Lapis lazuli Overview

Lapis lazuli, semiprecious stone valued for its deep blue colour. The source of the pigment ultramarine (q.v.), it is not a mineral but a rock coloured by lazurite (see sodalite). In addition to the sodalite minerals in lapis lazuli, small amounts of white calcite and of pyrite crystals are usually present. Diopside, amphibole, feldspar, mica, apatite, titanite (sphene), and zircon may also occur. Because lapis is a rock of varying composition, its physical properties are variable. It usually occurs in crystalline limestones and is a product of contact metamorphism. The most important sources are the mines in Badakhshan, northeastern Afghanistan, and those near Ovalle, Chile, where it is usually pale rather than deep blue.

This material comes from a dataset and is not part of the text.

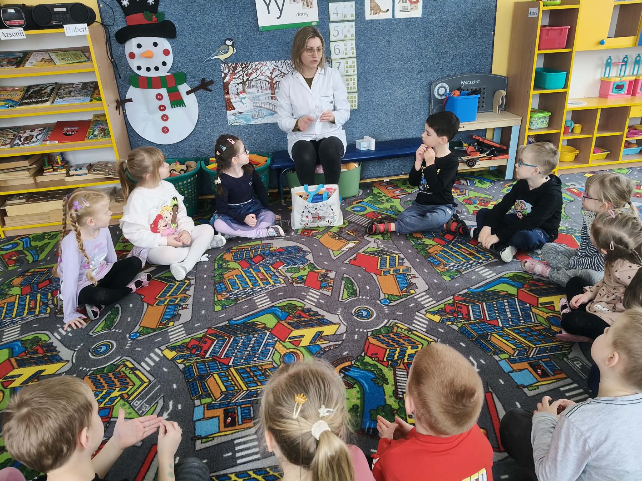 Ania chętnie się dzieliła i z odwagą prezentowała swoje gry. Odwiedziła nas także mama Ani, która opowiedziała o swojej pracy farmaceutki. 😊 Dziękujemy.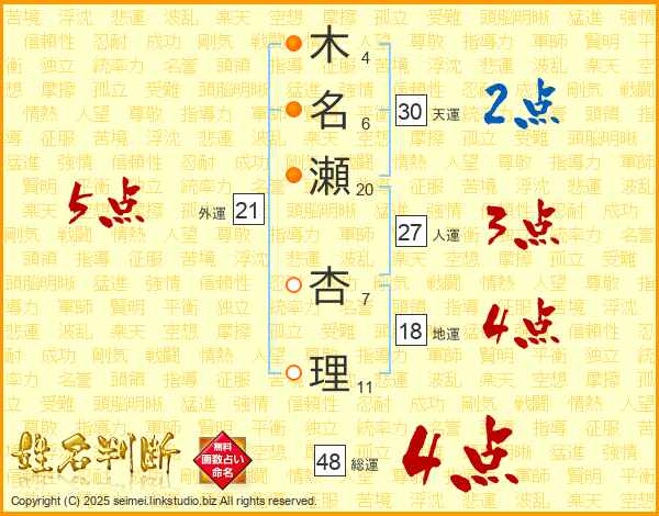 木(4画)名(6画)瀬(20画) 杏(7画)理(11画)

Much of the material that is sold as lapis is an artificially coloured jasper from Germany that shows colourless specks of clear, crystallized quartz and never the goldlike flecks of pyrite that are characteristic of lapis lazuli and have been compared with stars in the sky.

Occurrence and Mining

As early as the 7th millennium BCE, lapis lazuli was mined in the Sar-i Sang mines,[1] in Shortugai, and in other mines in Badakhshan province in northeast Afghanistan.[2] Lapis lazuli artifacts, dated to 7570 BCE, have been found at Bhirrana, which is the oldest site of Indus Valley Civilisation.[3] Lapis was highly valued by the Indus Valley Civilisation (7570–1900 BCE).[3][4][5] Lapis beads have been found at Neolithic burials in Mehrgarh, the Caucasus, and as far away as Mauritania.[6] It was used in the funeral mask of Tutankhamun (1341–1323 BCE).[7] By the end of the Middle Ages, lapis lazuli began to be exported to Europe, where it was ground into powder and made into ultramarine, the finest and most expensive of all blue pigments. Ultramarine was used by some of the most important artists of the Renaissance and Baroque, including Masaccio, Perugino, Titian and Vermeer, and was often reserved for the clothing of the central figures of their paintings, especially the Virgin Mary. Ultramarine has also been found in dental tartar of medieval nuns and scribes.

Quality Factors

Variously described as indigo, royal, midnight, or marine blue, lapis lazuli’s signature hue is slightly greenish blue to violetish blue, medium to dark in tone, and highly saturated. In its most-prized form, lapis lazuli has no visible calcite, although it might contain gold-colored pyrite flecks. If the flecks are small and sprinkled attractively throughout the gem, their presence doesn’t necessarily lower lapis lazuli’s value. The lowest-quality lapis looks dull and green, the result of an excess of pyrite. Lapis with white calcite streaks is less valuable.
Lapis frequently contains varying amounts of whitish calcite matrix—the host rock that surrounds the gem—or flecks or veins of glinting yellow pyrite, or both. The gem can also have a smoothly uniform bodycolor, free of visible pyrite and calcite.

For thousands of years, lapis has been fashioned to show off its rich, dark color. Typically, lapis cutting styles for use in jewelry are cabochons, beads, inlays, and tablets, as well as decorative carvings.

Lapis rough can be very large, so large fashioned stones are more common than with many other gemstones. Larger sizes are also more likely to be carved into art objects, used in designer jewelry, or cut into calibrated sizes.

Identification

Color

Blue. Often with white calcite veining or mottling, and gold grains of pyrite.

Streak

Blue.

Luster

Dull, but polishes to a bright luster.

Diaphaneity

Semi-translucent to opaque.

Cleavage

None, though it may split easily along foliation or calcite veins and layers.

Mohs Hardness

Varies between the 3 of calcite and the 5 to 5.5 of lazurite. Not well suited for use as a ring stone or in bracelets.

Specific Gravity

2.7 to 2.9 or more depending upon the amount of pyrite

Diagnostic Properties

Blue color, association with pyrite, and hardness.

Uses

Cabochons, beads, carvings, spheres, inlay, and pigments.